One more little thing. I put aside the August 19, 2014 issue of the Wichita Eagle because I was struck by the following small items on page 3A:

Man sentenced to more than 7 years in prison . . . Scott Reinke, 43, was given 86 months in prison for a series of crimes including burglary, theft, possession of stolen property, making false information and fleeing or attempting to elude law enforcement. . . . In tacking on the additional time last Friday, [Judge Warren] Wilhelm noted Reineke had a criminal history of more than 50 felony convictions.

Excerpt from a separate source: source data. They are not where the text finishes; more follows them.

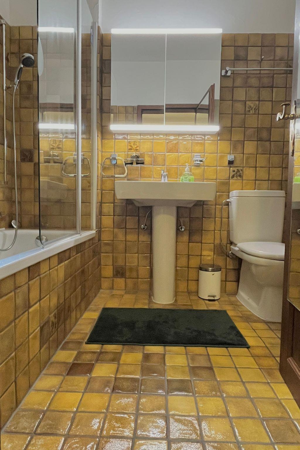 The spacious bathroom with window is fully equipped with bathtub and integrated shower, WC and hairdryer.
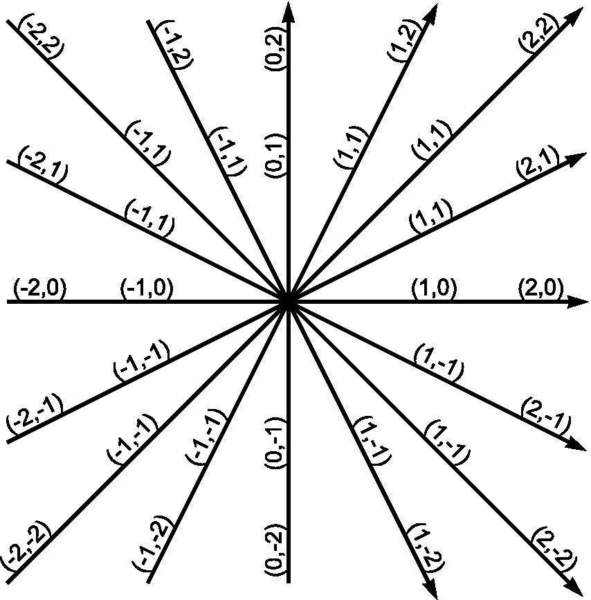 Cardinal vectors spanning the trust taxonomy. The Cartesian coordinates of points along each vector are shown. The Cartesian coordinates also form a 5×5 matrix with 25 cells.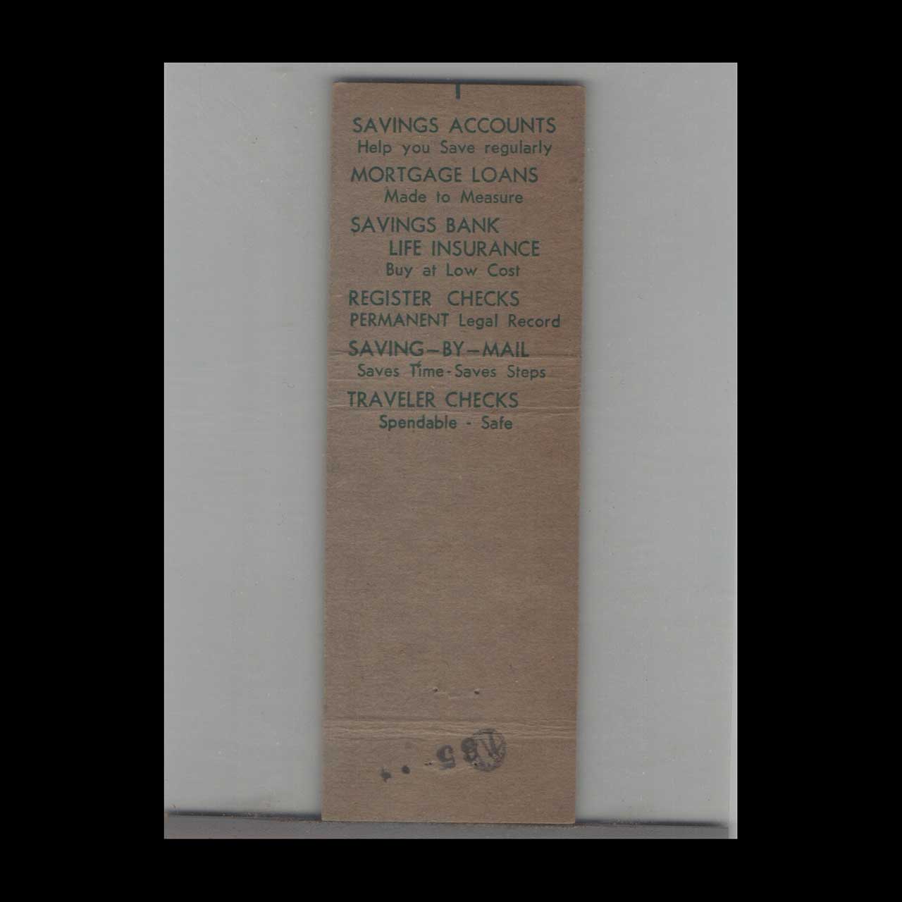 This vintage matchbook cover promotes Franklin Savings Bank 6 Park Square Boston, MA. Produced during the mid-century advertising era, it reflects period typography and graphic design. A collectible piece of American advertising ephemera suitable for display or archival preservation.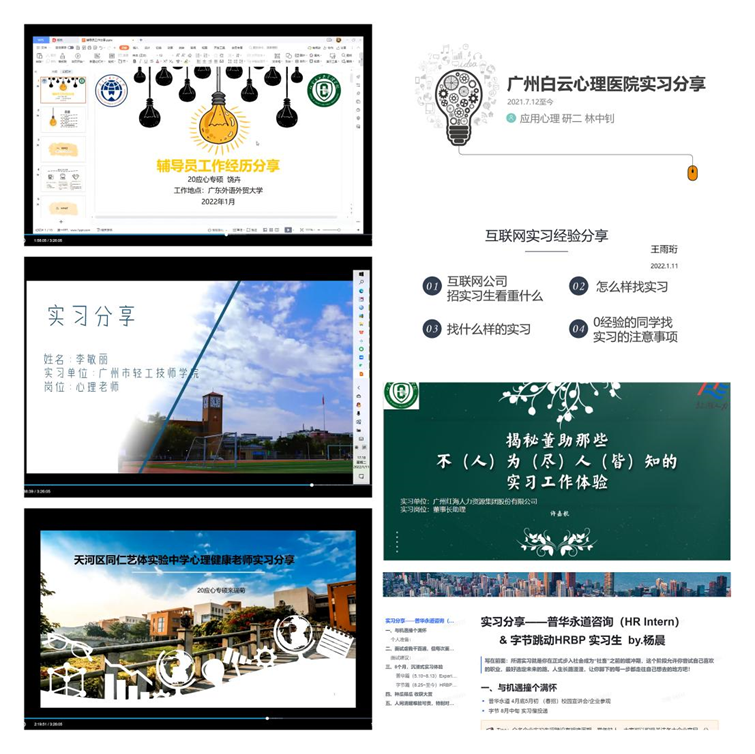 2022年1月11日下午,2020级应用心理专硕举行实习分享交流会,应用心理学系教师、应用心理专硕研究生和应用心理学专业全体本科生参加了此次分享会

Kechi man gets nearly 10 years for child porn . . . Jaime Menchaca, 34, of Kechi pleaded guilty to one count of distributing child pornography and was sentenced to 110 months in prison. . . . In his plea, Menchaca admitted that on Sept. 13 he sent an e-mail containing child pornography to a Missouri man.

There's also another piece on page 5A:

Sex offender pleads guilty to child porn . . . Dewey had a 1999 conviction in Pueblo, Colorado, for attempted sexual assault of a child. He admitted in court Monday that he was found last September with images and videos of child pornography that he obtained via the Internet.

Prosecutors and the defense have agreed to recommend a 20-year prison term when Dewey is sentenced on Nov. 4.

This struck me as an example of something profoundly skewed in our criminal justice system. I won't argue that child pornography is a victimless crime (although what constitutes pornography can be very subjective), but possession of a single image strikes me as a much more marginal offense than repeated instances of property theft. (I don't think I even noticed the last case until I went back to look for the first two; it's harder to judge.) Glad the burglar/thief is going to jail, but wonder if it wouldn't make more sense for the child porn defendant to spend some time with a shrink, and maybe pay a nominal fine.

Also on the front page of the Eagle is an article called "Kan. GOP lawmakers vow to look out for oil interests": Senator Roberts, Reps. Huelskamp, Pompeo, and Jenkins prostate themselves at a Kansas Independent Oil & Gas Association confab. They all agreed they wanted lower taxes and less regulation. Nobody said much about the recent tenfold increase in earthquakes.